DE JOELHOS SÓ PERANTE DEUS

Ano 10 – vol. 12 – n. 82/2022 – https://doi.org/10.5281/zenodo.10005355

“É melhor morrer de pé do que viver de joelhos”.

A frase, que tanto é atribuída a Franklin Roosevelt como a Emilizano Zapatta (opostos mas com convergência neste caso) importa e é necessária sobretudo neste momento da história do Brasil.

Já é inegável que de ativismos a criativismos o Brasil desembarcou de vez na juristocracia. Queiramos ou não é o que nos resta como verdade evidente, tamanha a inércia de tantos que se comprometeram com juramentos solenes. Ora, mas o que é um juramento político senão uma promessa que bem pode ser confundida com o que foi anunciado dos palanques?

Pois bem, do vilipêndio aos direitos fundamentais (e até humanitários, pois humanos) de tudo se assiste um pouco, com o consentimento do Congresso Nacional.

A omissão foi (e é) tamanha que por crime comum a prevaricação estaria às escâncaras configurada. Mas sempre há o jeito de se compor com o “diálogo institucional” a “democracia de touca”.

A Câmara dos Deputados, por exemplo, ao transformar um deputado em “João Batista” entregou na bandeja não apenas a cabeça de um de seus membros, mas a própria prerrogativa da inviolabilidade do mandato eleitoral.

O Senado Federal, também por exemplo, ignora, com a indiferença de quem se põe acima das leis, os ritos procedimentais que envolvem prerrogativas privativas, preferindo optar por dar as costas ao povo.

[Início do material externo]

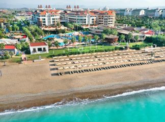 Местоположение: Намира се на 40 км от летище Анталия, на 12 км от центъра на Белек, на 1 км от центъра на Богазкент, на брега на морето. Построен 2011 г., на обща площ от 23 000 м2. Стаи: Хотелът разполага с общо 311 стаи, разположени в 5-етажна основна сграда с 4 крила, от които 215 Standard Room (27 м2), 53 Family Room (2 отделни спални, 1 баня - 45 м2), 26 Deluxe Room (разполага с джакузи на балкона - 32 м2), 12 Large Room (35 м2), 3 Handicapped Room (пригодени за хора с ограничена подвижност - 27 м2). Всички стаи са оборудвани с климатик, телевизор, телефон, баня с душ, сешоар, сет за чай/кафе, минибар (безплатен), сейф (безплатен). В хотела: Основен ресторант, 3 а-ла-карт ресторанта (турски, италиански, рибен – 1 безплатно посещение на 1 от ресторантите при минимум 7 нощувки, с предварителна резервация), 2 снек ресторанта, сладкарница, 6 бара, 2 открити и 1 закрит басейн, аквапарк с 4 водни пързалки за възрастни и 3 за деца, СПА център, 3 конферентни зали, паркинг. За децата: Детско меню, 2 открити детски басейна, 1 закрит детски басейн, детска площадка, мини клуб (4-12 г), лунапарк, мини диско, детска анимация. Безплатни услуги: Сауна, турска баня, фитнес, тенис корт (с твърдо покритие), тенис на маса, дартс, боча, шах, плажен волейбол, баскетбол, мини футбол, мини голф, аеробика, пилатес, стречинг, водна гимнастика, водно поло, жива музика, анимация, Wi-Fi (на цялата територия). Платени услуги: Масажи и СПА процедури, лекар, детегледачка, пране и химическо чистене, боулинг, билярд, осветление за тенис корт, електронни игри, водни спортове, рент-а-кар. Хранене: Ultra All Inclusive - закуска, обяд и вечеря на шведска маса, междинни хранения, алкохолни и безалкохолни напитки - без лимит (съгласно концепцията на хотела). Плаж: Собствен, пясъчно - чакълест. Чадъри, шезлонги и плажни кърпи на плажа и при басейна – безплатно. Хотелът има право да прави промени в концепцията, без да уведомява предварително туроператора за наложените промени. |
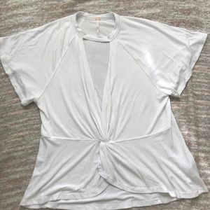 Twist up your casual style with this contemporary-inspired tee. Boasting relaxed raglan sleeves and a vivacious V-neck design that connects to a chic choker, this closet staple is one you'll dress up or down for any occasion.
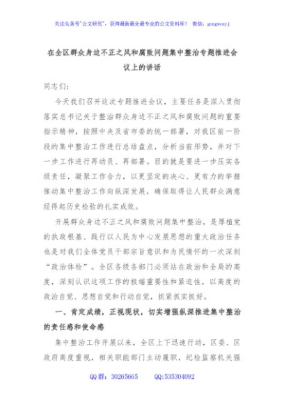 / 在全区群众身边不正之风和腐败问题集中整治专题推进会议上的讲话
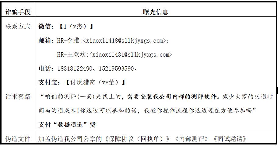 根據(jù)我公司收到的多起舉報(bào)及調(diào)查取證,現(xiàn)將詐騙分子的主要作案手段、聯(lián)系方式及相關(guān)偽造文件予以曝光,提醒公眾識別防范:
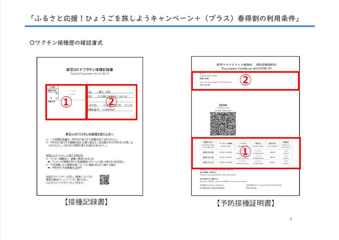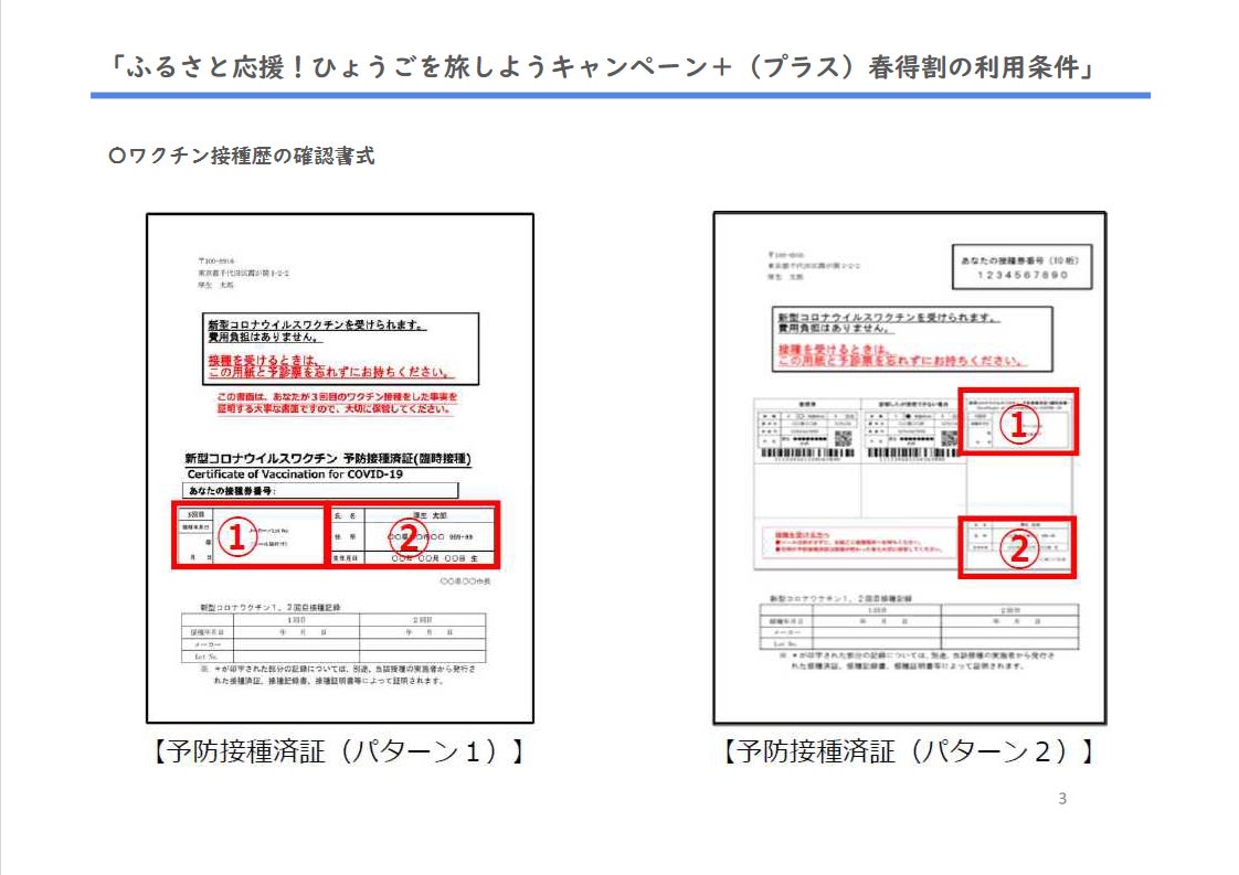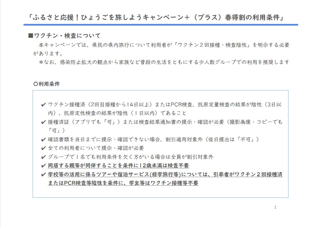 接種済証またはPCR検査等結果通知書(撮影画像、コピー、電子的な証明書でも可)の確認は、同行者も含めて旅行者全員について実施しますので、チェックイン時(旅行会社の場合は予約証明書等お渡しの来店時)にご提示ください。提示のない場合は割引支援を受けることができません。

Bom, nos restaria apelar ao mediador de tudo que controlaria os descompassos entre os poderes executivo e legislativo, afinal, foi o constitucionalismo que produziu os instrumentos decantados como freios e contrapesos. Mas no Brasil a coisa é diferente.

O executivo se transformou em um “quase-poder” em busca de tentar administrar, com suas mazelas peculiares, mas tendo em desfavor grande parte dos órgãos e instituições que optaram por defenestrar um homem, esquecendo-se de que era a democracia que deveria ser defendida. O tempo revelará.

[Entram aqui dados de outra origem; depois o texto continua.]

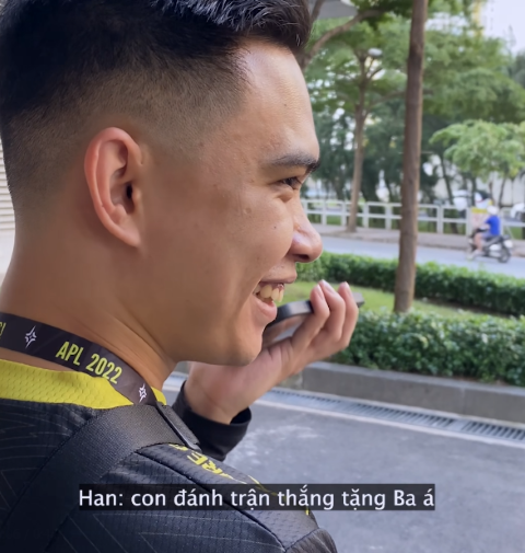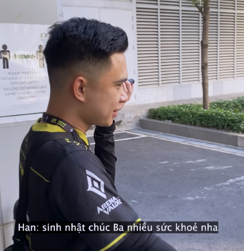 If you're a hardcore fan following him, it's not difficult to notice that Han is also a sentimental player, always oriented towards family. Unlike his strong presence on the battlefield, behind the scenes, Han is as innocent as a child. Fans have witnessed him gleefully sharing his achievements with his mother at the AIC 2022 tournament. The young man born in 1997 couldn't contain his emotions and continuously boasted about his accomplishments: 'Did mom watch me compete? In that moment, I took down 3 opponents by myself in that turret.'
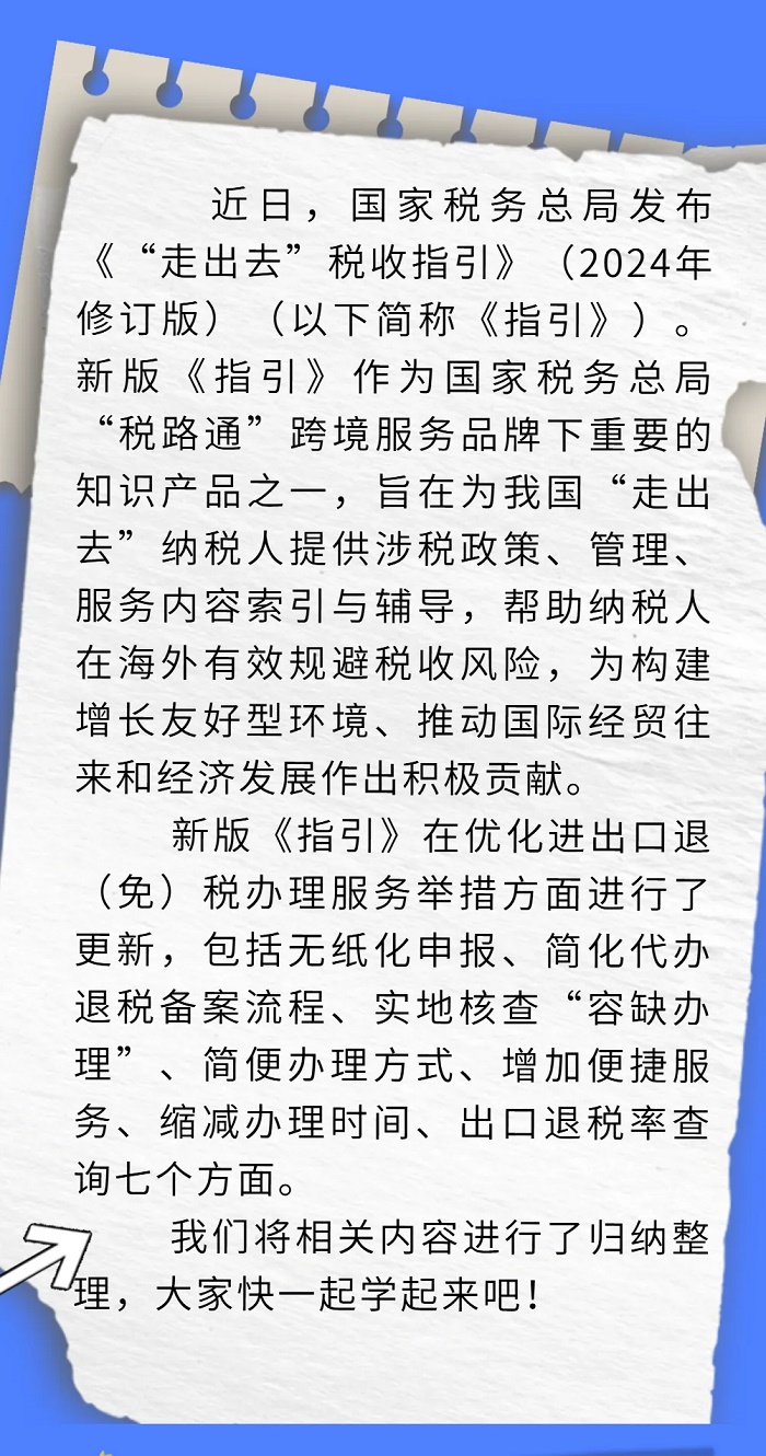 【图解】@“走出去”企业,上新啦!一图看懂优化出口退(免)税办理服务举措

O judiciário, encabeçado pelo Supremo Tribunal Federal, houve por bem se transformar em um tribunal de competências que subtrai de instancias outras as próprias regras constitucionais que lhe são asseguradas. Assim, suposta vítima acumula funções de inquisidor, acusador e julgador, em desfavor de regras que nasceram exatamente para que o passado sombrio fosse apagado, jamais esquecido, da história.

O Brasil real, infelizmente, amanhece com decisão judicial monocrática que subtrai competência do poder legislativo, ao decidir que teto de gastos não envolve programas sociais (Bolsa Família) objeto de projeto de emenda à Constituição ainda em trâmite.

O que disseram os presidentes da Câmara dos Deputados e do Senado Federal em defesa da Constituição da República e das prerrogativas do parlamento? Nada!

Tenho, como cidadão e contribuinte, todas as razões para temer o que está anunciado, com o gravame de saber que não há quem me possa defender. Não estou só, pelo menos na minha indignação, mas sei que estou cercado de indiferentes que concorrerão para financiar o maior desastre da história do Brasil.

Não sei a qual das duas figuras credenciar a frase que inicia estas minhas palavras, mas posso garantir que a covardia de quem tem “munus” publico e prefere se ajoelhar ou é sinal de cumplicidade ou é preservação de impunidade, porque, nem com a Constituição, nem com os cidadãos, nem com sua pátria esse tipo de gente tem compromisso. Ajoelham-se cordatamente.

Aprendi que de joelhos só perante Deus. Espero que jamais sob tortura.